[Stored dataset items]
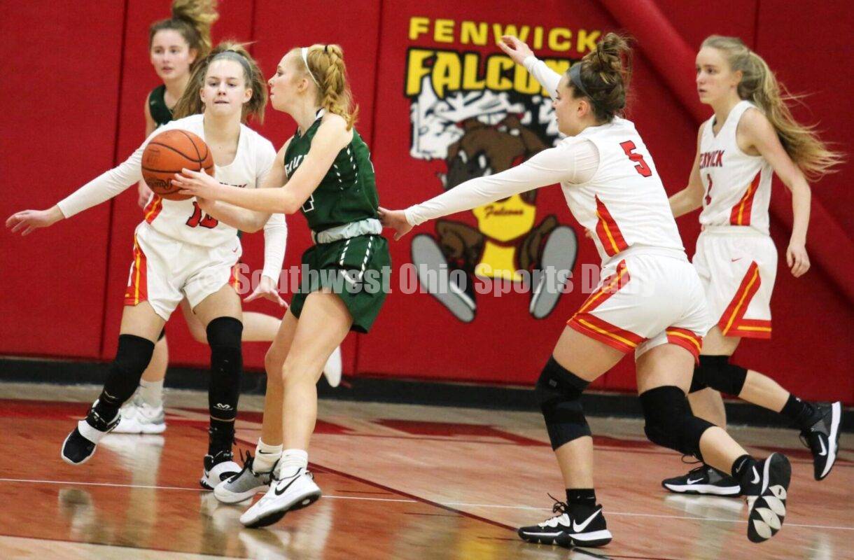 Badin High School's Morgan Dixon makes a pass between Fenwick's Julia Capell (5) and Madalyn Mahoney on Jan. 9, 2021, during a Greater Catholic League Coed Division girls basketball game at Fenwick. The visiting Rams won 50-44. RICK CASSANO/STAFF
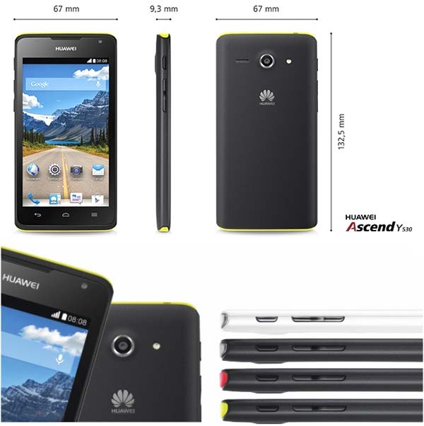 Размеры умного телефона составляют 132.5x67x9.3мм, вес равен 145 граммам. Ascend Y530 поддерживает 802.11 b/g/n WiFi, HSDPA и Bluetooth 4.0. Смартфон имеет слот для карточек microSD/SDHC, питается от батареи на 1750 мАч, имеет 5МП тыловую и 0.3МП фронтальную камеру. Доступные цвета устройства: чёрный с серым, чёрный с красным, чёрный с жёлтым и белый с серым.
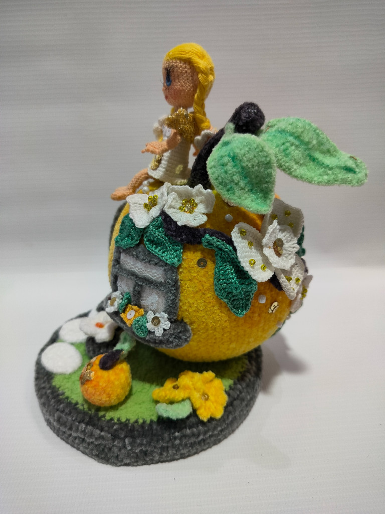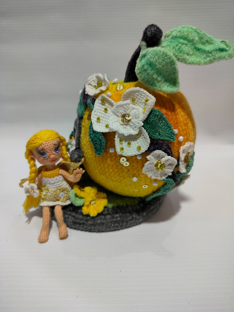 Высота яблока с подставкой около 15см, феечка 8см.
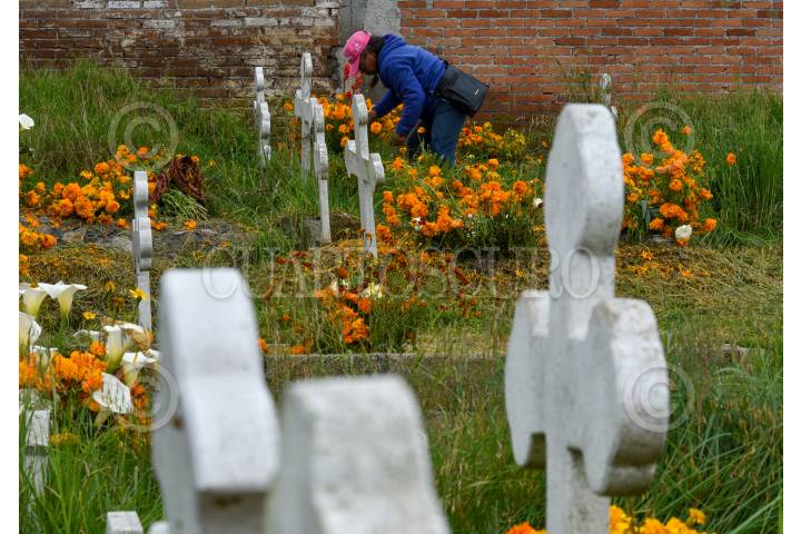TOLUCA, ESTADO DE MÉXICO, 29SEPTIEMBRE2020.- Los panteones de la zona indígena de Toluca fueron abiertos para que la población pudiera acudir a arreglar las tumbas de sus muertos con flor se cempasúchil como parte de los festejos a San Miguel Arcángel y previo a la celebración del Día de Muertos, este año la festividad sufrió cambios ya que no se deja ingresar a tantas personas al mismo tiempo al lugar y muchos de los muertos son de recientes fechas, algunos por COVID-19; el color naranja predomina en el panteón por los pétalos y flores que adornan cada tumba, en su mayoría son personas que van solas a visitar los sepulcros, el resto de la familia permanece en casa por la contingencia de Coronavirus. FOTO: CRISANTA ESPINOSA AGUILAR /CUARTOSCURO.COM
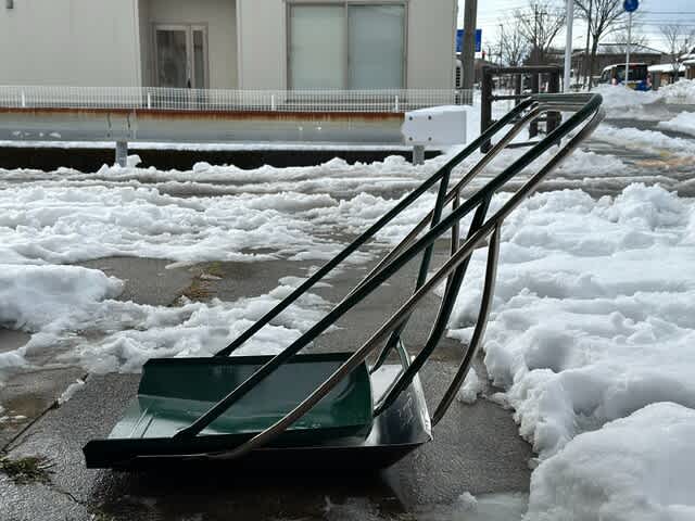 日本海側の雪は湿って重いし、除雪車が通過した後はカチカチに圧雪された氷のブロックになるので、ポリカ製では歯が立たず用途が限定されてしまうのですヨ。新潟県の除雪で活躍するスコップは、柄が鉄パイプの金蔵印が定番。
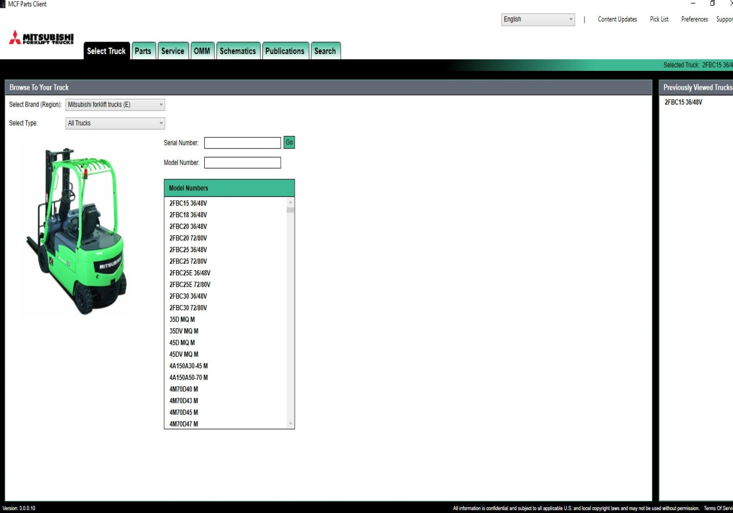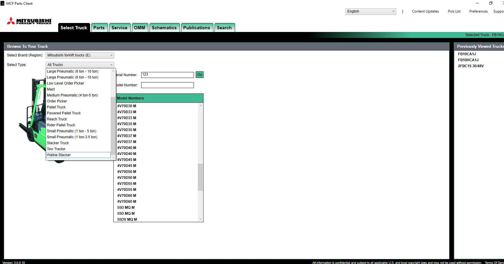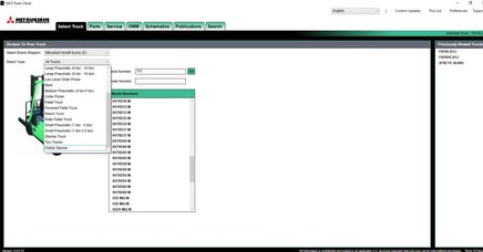 The interface of the program Mitsubishi ForkLift very simple and convenient is a search for models, serial numbers, the list of applicability of a detail as the program contains service bulletins and service manuals.
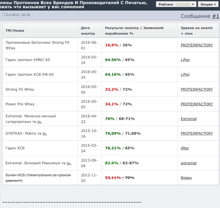 Outlawif Опубликовано 29 августа, 2016 Опубликовано 29 августа, 2016 Здесь есть таблица с результатами анализов протеинов. И где в таблице 100% Whey Gold Standard Optimum Nutrition?
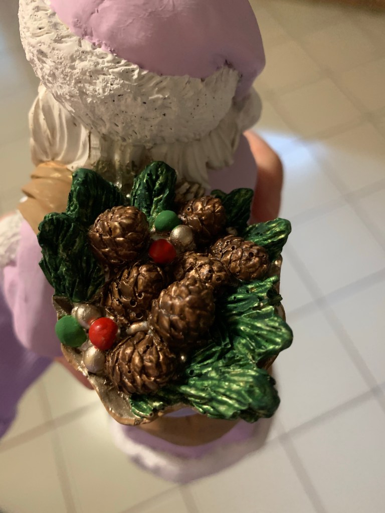 I ditched the gold sack for a more subdued brown then I painted the all-gold pinecones and branches in the sack in festive holiday colors. I toyed with the idea of painting his boots to match the royal violet of his belt, but my daughter convinced me not to do it. I thought the silver boots looked a bit like space boots, but they actually don’t look bad with the lavender paint and matching silver mittens. To finish, I sprayed him with a clear sealer.
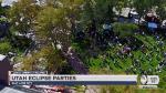 A few blocks away at the Triad Center, 95 N. 300 West, crowds of people attended the KSL solar eclipse viewing party. Many tried covering their phone cameras with eclipse glasses to take photos of the sun.
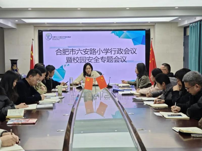 近日,合肥市六安路小学教育集团分别召开党总支会、校长办公会、行政会、专项教师会、全体教师会、保安员培训会等校园安全工作专题会议,逐项梳理,重点布置。聚焦校园安全、用电安全、消防安全、食品安全、学生在校安全等方面提出要求,明确安全责任与意识,进一步织密安全网,全力打造平安校园。

Brief:
Please output, exactly and with no pictures, only the lines from the one containing "A few blocks" through the final line of the records above.

Exercise output:
 A few blocks away at the Triad Center, 95 N. 300 West, crowds of people attended the KSL solar eclipse viewing party. Many tried covering their phone cameras with eclipse glasses to take photos of the sun.
 近日,合肥市六安路小学教育集团分别召开党总支会、校长办公会、行政会、专项教师会、全体教师会、保安员培训会等校园安全工作专题会议,逐项梳理,重点布置。聚焦校园安全、用电安全、消防安全、食品安全、学生在校安全等方面提出要求,明确安全责任与意识,进一步织密安全网,全力打造平安校园。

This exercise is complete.